Beckmann's insistence on individual expression and story telling was a kind of time bomb for his students and colleagues, and his immense influence would appear in different places at different times. In the San Francisco Bay Area, artist David Park took his abstractions to the dump the same year that Beckmann visited. He had come to share the German's notion that abstraction had little left to say. Although Park did not study directly with Beckmann, his San Francisco exhibition must have electrified Park and those who later followed him to work in the "Bay Area Figurative Style."

Philip Guston, saw Beckmann's traveling exhibition, and then was replaced by Beckmann during his sabbatical leave from the University of Washington in 1948-49. Guston would go on to build his reputation in the 1950's on a group of painterly abstractions. Yet, when the crisis of Viet Nam blossomed in the late 1960's Guston would return to figurative painting. Guston's haunting visions of history warped by conspiracy and shame suggest that Beckmann's view of the artist as one who can expose life's dark spaces had affected him . It was as if the ghost of Beckmann had whispered in his ear:

"Art resolves through form the many paradoxes of life, and sometimes permits us to glimpse behind the dark curtain which hides the spaces unknown... "

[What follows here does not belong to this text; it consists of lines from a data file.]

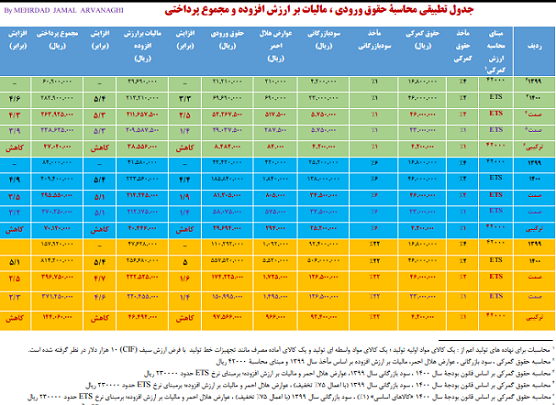 اگر فرض براین باشد که ارزش واردات بخشی از یک کالای وارداتی حدود ۱۰ هزار دلار است آنگاه برای کالاها و اقلام مرتبط با تولید (رنگ سبز در جدول) براساس قانون بودجه ۱۳۹۹، حقوق گمرکی یک میلیون و ۶۸۰ هزار تومان، سود بازرگانی ۴۲۰ هزار تومان، عوارض هلال احمر ۲۱ هزار تومان و مالیات بر ارزش افزوده ۳.۹ میلیون تومان است که مجموع پرداختی ۶.۹ میلیون تومان خواهد بود.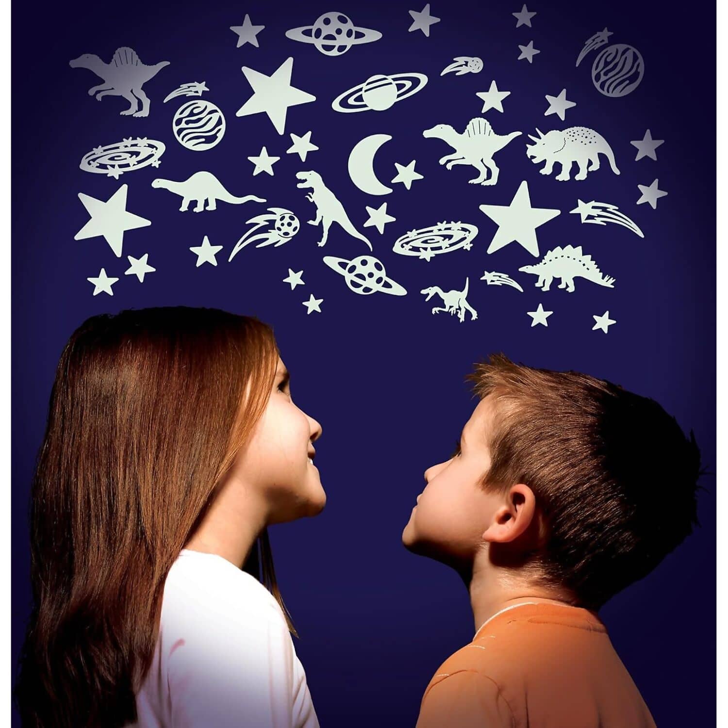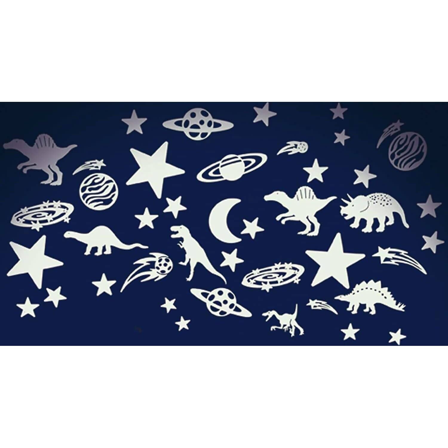 Create a prehistoric glowing landscape with the Brainstorm - The Original Glowstars Company Glow In The Dark Cosmic Glow - Glow Dinosaurs. This exciting set features high-quality glow-in-the-dark plastic dinosaurs and stars that bring Jurassic adventures to life on walls, ceilings and personal items. Simply expose the pieces to a light source and watch them glow brilliantly in the dark.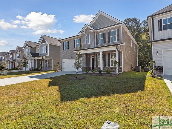 Gorgeous Faircloth Home in Huntington Cove in Chatham County. Four bedrooms upstairs, including two with ensuite baths. Dining rooms feature coffered ceilings and wainscoting. Kitchen has a large center island with granite countertops and ceramic tile backsplash. Modern luxury vinyl plank flooring throughout the downstairs, and carpets in the bedrooms. Electric fireplace in the great room!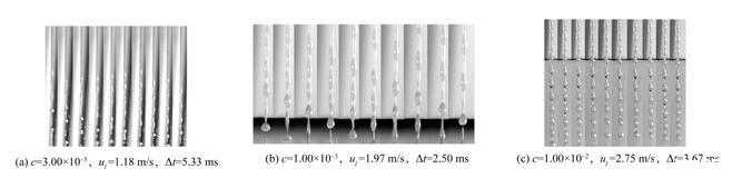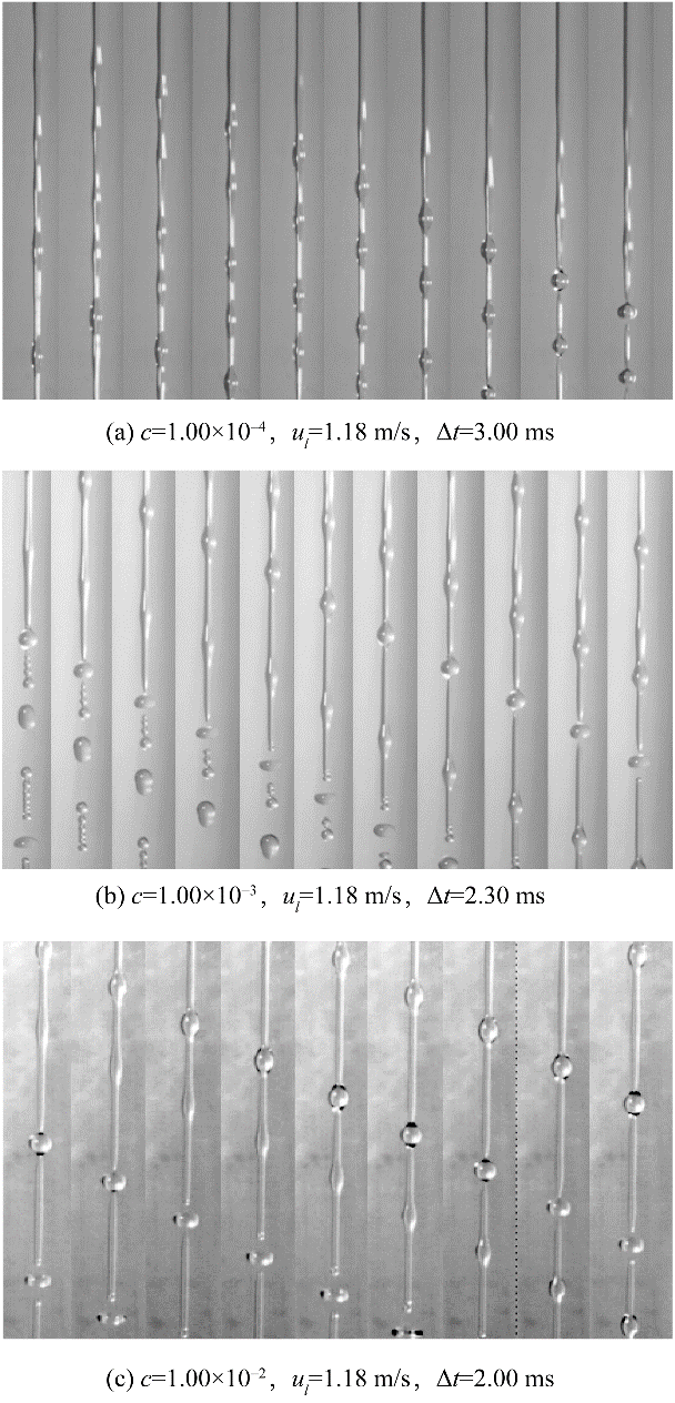 本文首先研究了不含氣泡的表面活性劑射流破裂過程以探究表面張力變化對(duì)射流破裂特征的影響。實(shí)驗(yàn)使用高速相機(jī)記錄了六種不同濃度表面活性劑溶液的射流破裂過程。實(shí)驗(yàn)獲得的射流破裂過程如圖5所示,其中Δt是相鄰兩張圖片間的時(shí)間間隔。從圖5中可以看出,雖然表面活性劑濃度并不相同,但射流的破裂過程在形態(tài)上是相似的。當(dāng)液體射流離開噴嘴后,射流表面擾動(dòng)迅速增長,表面波動(dòng)在射流表面呈對(duì)稱分布,這是射流破裂Rayleigh區(qū)的典型特征。隨著表面波動(dòng)的進(jìn)一步發(fā)展,在射流方向上,射流表面形成瘤狀結(jié)構(gòu),射流破裂發(fā)生在兩個(gè)瘤狀結(jié)構(gòu)之間。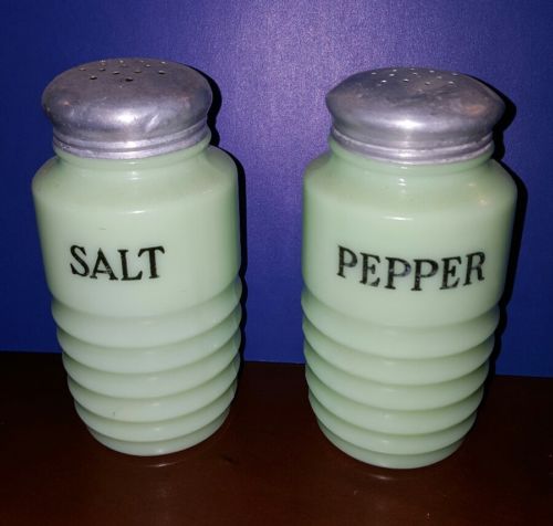 Title (ebay affiliate link): Vintage Jadeite Green Milk Glass Beehive Salt and Pepper Shakers

Philip Guston, demonstrating at the University of Washington 1945



Guston's painting "The Studio" 1969

Guston took immense heat for his figurative paintings which at first seemed a betrayal to his Abstact Expressionist friends , but within ten years Guston's tough artistic stance, which critic Hilton Cramer had belittled in his article "A Mandarin Pretending to be a Stumblebum" became the crucial starting point for a new generation of figurative artists on the East Coast.

Jack Bice, later a painting instructor at the State Unversity of New York, College at Buffalo, would teach some of these artists including Cindy Sherman and Robert Longo. On the West Coast, Nathan Oliveira, Elmer Bischoff, Joan Brown and others would become preeminent teachers all of them relying on the figurative means of revealing inner states.

Although it has been over fifty years since his encounter with Beckmann, Nathan Oliveira still feels the impact of his presence. Mari Lyons does too: she says:

"Once you saw him, you could never forget him."

Oliveira recalls:

"He came to me, and because I was painting the figure, he would simply say "Goot" and then encouraged me to press forward."

For students who were able to find their was past Beckmann's reserve, the reward was the discovery of a man free of posturing and hypocrisy. It was pure oxygen to them. With his gravity, his pride, and his ability to dream, Max Beckmann was America's most powerful teachers of art, and in a remarkable way his poor grasp of English was part of his power.

He didn't have to tell his students who he was. His paintings, his presence, and a few choice words could say it all.